Minnelli (again) worked with CinemaScope for the first time with "Brigadoon," showing at 10 a.m. on 27 September and, in order to use the process, had to film his musical on an MGM soundstage, rather than on locaton as he had planned and wanted to. Later in the day: Richard Quine's cult fave, "Strangers When We Meet" at 2 p.m.

Before there were the virile Irish actors Liam Neeson and Gabriel Byrne, there was Stephen Boyd, who died young, but made an indelible impression in "The Bravodos," "The Best of Everything, "Jumbo" and "Ben-Hur," the latter kicking of a mini-tribute to the late actor on 26 September. It starts at 8 p.m. and is followed by "Genghis Khan," "The Beasts of Marseilles" and "Abandon Ship!" Roberto Rossellini's "Flowers of St. Francis" and Anatole Litvak's "Goodbye Again" are on tap for early-morning screenings (2 a.m., anyone?) on 28 September, a day which then devotes itself to six titles with Donna Reed - and five with Mia Farrow.
Farrow's titles, which start unreeling at 8 p.m., include two by Woody Allen, "Alice" and "A Midsummer Night's Sex Comedy," Richard Fleischer's "See No Evil," John Guillermin's "Death on the Nile" and ... Anthony Mann's long-lost "A Dandy in Aspic," his final movie, airing at 1:30 a.m. on 29 September.















Farrow & Harvey, Together - in "A Dandy in Aspic"
Quite atypical for Mann, "A Dandy in Aspic" is a Cold War thriller with a mod touch. Mann died while the film was still in production and receives sole credit, although the film's very game star, Laurence Harvey, completed the film for Mann. The nifty plot, based by Derek Marlowe on his novel, casts Harvey as Alexander Eberlin, a secret Russian double agent chosen by the British Secret Service to track down another double agent who is working for the Russians and is responsible for the deaths of three British spies. Actually, the Russian double agent that Eberlin is ordered to assassinate is ... Eberlin himself. As it goes on, the movie becomes as convoluted as it is moody, a perfect example of the subgenre of films about British intelligence in the late 1960s and early '70s that tried to deflate the silly glamour of the Bond flicks. Sidney Lumet's "A Deadly Affair" with James Mason and Simone Signoret, and Martin Ritt's "The Spy Who Came in from the Cold," with Richard Burton, Oskar Werner and Claire Bloom, were two other dour, dead-serious spy films.
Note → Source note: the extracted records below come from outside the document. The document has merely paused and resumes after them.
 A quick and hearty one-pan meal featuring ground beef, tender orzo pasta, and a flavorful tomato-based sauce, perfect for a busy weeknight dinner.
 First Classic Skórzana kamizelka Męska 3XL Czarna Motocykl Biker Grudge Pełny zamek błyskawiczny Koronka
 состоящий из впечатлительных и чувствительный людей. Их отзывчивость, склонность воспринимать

Farrow, in her prime, plays a trendy British photographer who becomes involved with Eberlin, and the ace supporting cast includes Harry Andrews, Per Oscarsson, the veteran Lionel Stander, a very young Peter Cook and Calvin Lockhart and the great Tom Courtenay, but the film is both driven and anchored by Harvey, as brooding here as he was in Frankenheimer's "The Manchurian Candidate."
The estimable Christopher Challis did the cinematography; Quincy Jones composed the ga-roovy score and Pierre Cardin (who else?) dressed Farrow. (BTW, there was a rare screening of "A Dandy in Aspic," yete another lost Columbia film, by the American Cinemathique in Los Angeles in January, 2008. It was shown on a double-bill with the aforementioned "A Deady Affair" at Hollywood's Egyptian Theater.)
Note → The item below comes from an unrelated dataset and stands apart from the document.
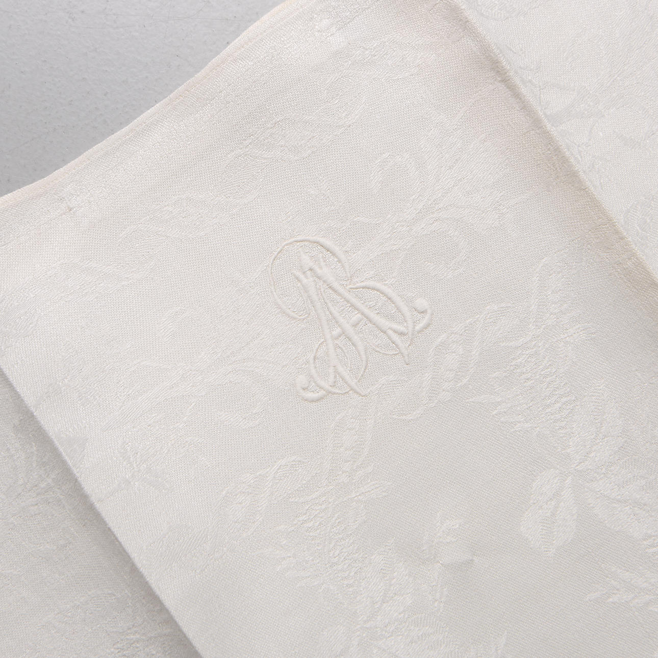 With monogram in white thread (AB). Appearing clean and freshly mangled, single blemishes or damage may occur that was not detected during inspection.

I can't think of a better way to spend a midweek evening than in the company of Francois Truffaut and Jeanne Moreau who memorably collaborated on the sublime "The Bride Wore Black"/"La Mariee Etait en Noir," scheduled for 8 p.m. on 29 September.
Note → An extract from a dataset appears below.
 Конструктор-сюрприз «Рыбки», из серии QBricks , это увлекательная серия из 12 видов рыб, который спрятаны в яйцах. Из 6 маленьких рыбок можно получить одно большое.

Brooding Frank and wistful Shirley in Minnelli's
"...Some Came Running"






End the month on 30 September with late, late night screenings of Brian DePalma's "Obsession" and Martin Scorsese's "Taxi Driver," starting at midnight, and Minnelli's pitch-perfect "...Some Came Running," penciled in for 3:45 p.m. that day. The end to a perfect TCM month.